The goal is to create a model to obtain the likelihood of a transaction being fraudulent.
2. Data set
The data set contains information to create our model. We need to configure three things:
- Data source.
The data file used for this example is creditcard-fraud.csv, which contains 11 features for about 3,075 payments.
The data set includes the following variables:
- merchant_id: id of the merchant.
- avg_amount_day: average of the amount per transaction per day.
- transaction_amount: the amount of the transaction.
- is_declined: yes = the credit card is declined, no = the credit card is not declined.
- number_declines_day: total number of declines per day.
- foreign_transaction: yes = it is a foreign transaction, no = it is not a foreing transaction.
- high_risk_country: yes = it is a high risk country, no = it is not a high risk country.
- daily_chbk_avg_amt: daily average of chargeback.
- 6m_avg_chbk_amt: 6-month average of chargeback.
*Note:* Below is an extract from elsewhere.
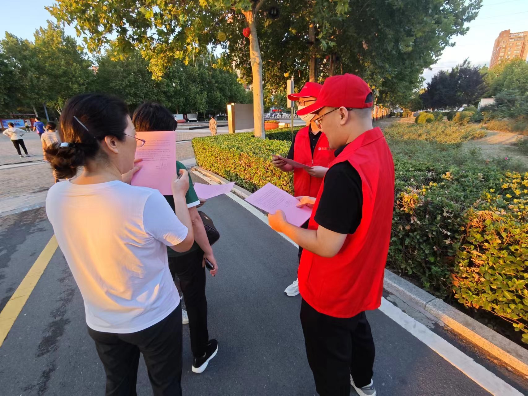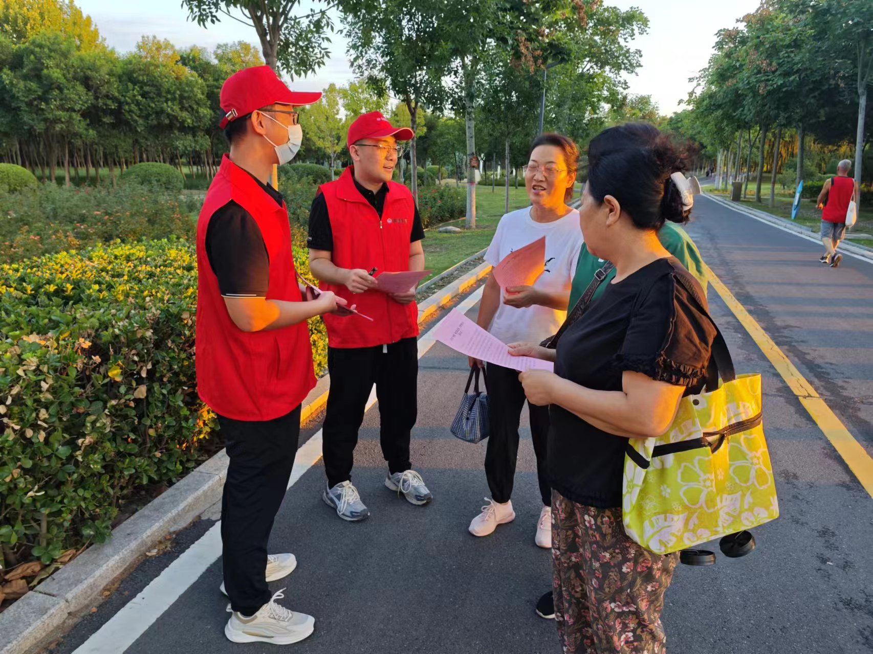 8月27日下午,市國資集團(tuán)組織志愿服務(wù)小組前往公園,宣傳“靜音廣場舞”、規(guī)范暴走團(tuán)、集體健步走等文明健康生活方式,并分發(fā)倡議書。

- 6m_chbk_freq: frequency of the 6-month chargeback.
- is_fradulent: fraudulent = the payment is fraudulent, not-fraudulent = the payment is not fraudulent (target variable).
On the other hand, the instances are divided randomly into training, selection, and testing subsets, containing 60%, 20%, and 20% of the instances, respectively.
Our target variable is is_fradulent. We can calculate the data distributions and plot a pie chart with the percentage of instances for each class.
As we can see, the target variable is unbalanced since many payments are not fraudulent, around 85%, while only 15% are fraudulent. So we could say that about 1 out of 6 payments is fraudulent.
The inputs-target correlations might indicate which factors have the most significant influence on a fraudulent transaction.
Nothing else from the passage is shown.